Moneybox

Surprise Q4 GDP Decline’s Not Quite As Bad as It Sounds

Everyone was expecting a weak Q4 GDP number due to companies drawing down inventories and reduced exports, but the number came in today at a surprising negative 0.1 percent. We produced, in other words, fewer goods and services in the fourth quarter of last year than we did in the third.

And yet when you peer into the internals, the situation looks surprisingly benign. For example, “real disposable personal income increased 6.8 percent,” which is really solid. Consequently, both personal consumption and personal savings went up. Nonresidential fixed investment went up 8.4 percent. Residential investment went up 15.3 percent. So people are consuming more and saving more and businesses are investing more and we’re adding to the housing stock. That’s all good stuff.
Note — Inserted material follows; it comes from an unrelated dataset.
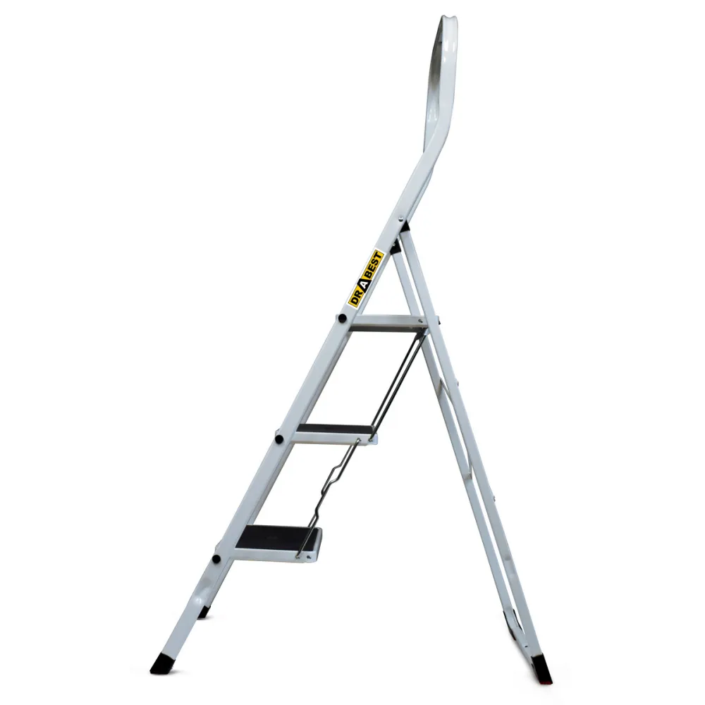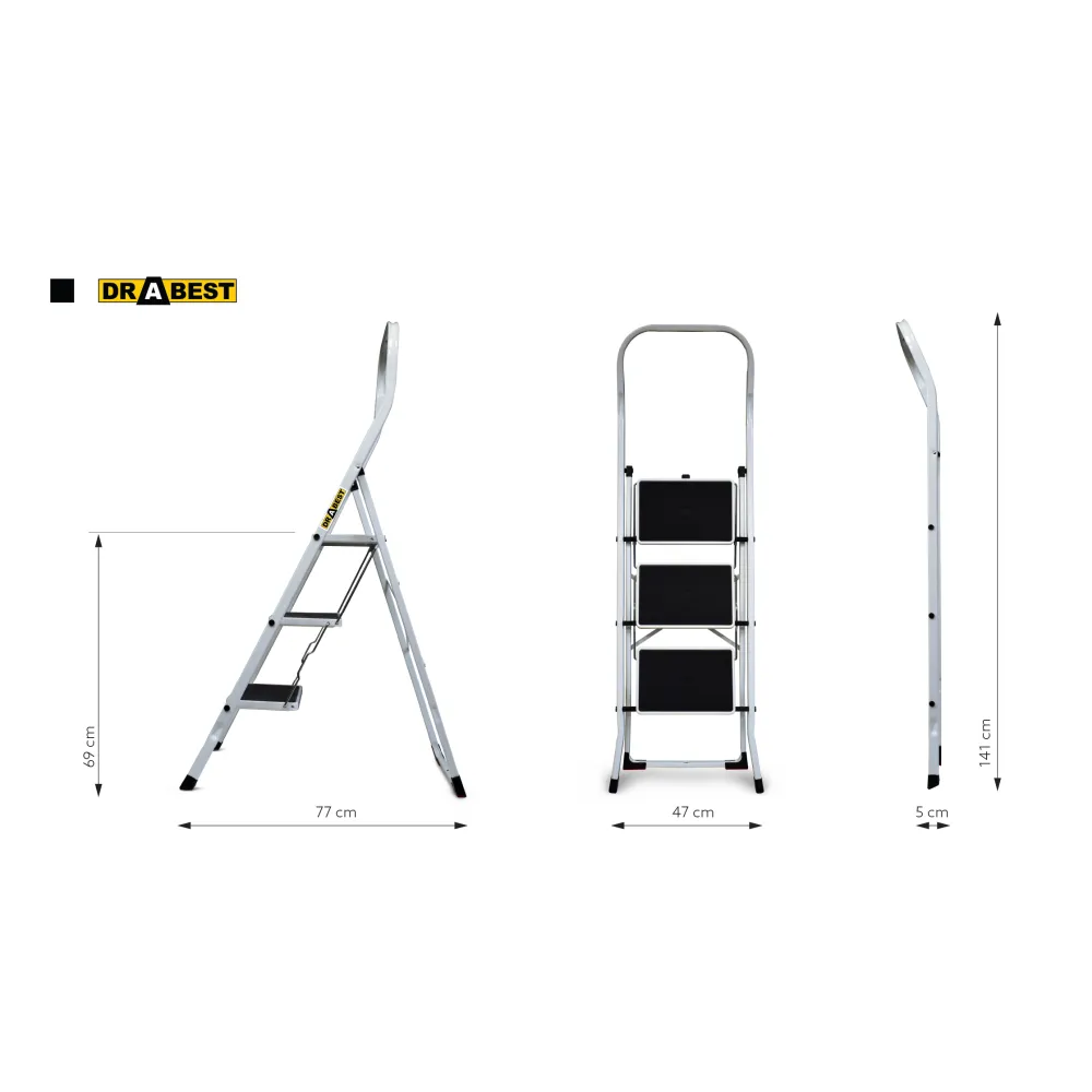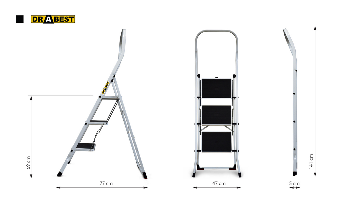 Oceľové schodíky DRABEST KITCHEN-3 PRO sú vhodné na každodenné práce v kuchyni, domácnosti, kancelárii, obchode alebo sklade. Kombinujú v sebe pevnosť a vynikajúcu stabilitu. Rozšírené stupne nášľapov sú opatrené protišmykovou gumou, čo zaručuje mimoriadnu stabilitu a bezpečnosť. Schodíky spĺňajú prísne bezpečnostné normy podľa EN 141383. Nosnosť činí 150 kg.

On the downside we had, as expected, a decrease in net exports and a decrease in inventories. We also had a small decline in state and local government consumption as state/local austerity continues to bite. But what really slammed the economy was that national defense expenditures fell 22.2 percent. That’s a lot! And the pacing of military spending is weird. Simply put, nobody cut the Pentagon’s budget by 22.2 percent. But the timing of spending and appropriations doesn’t line up perfectly, so there are strange swings in the military element of GDP.

At any rate, revisions matter here. The average quarterly GDP revision amounts to 1.3 percentage points, so we shouldn’t make too big a deal out of the initial number.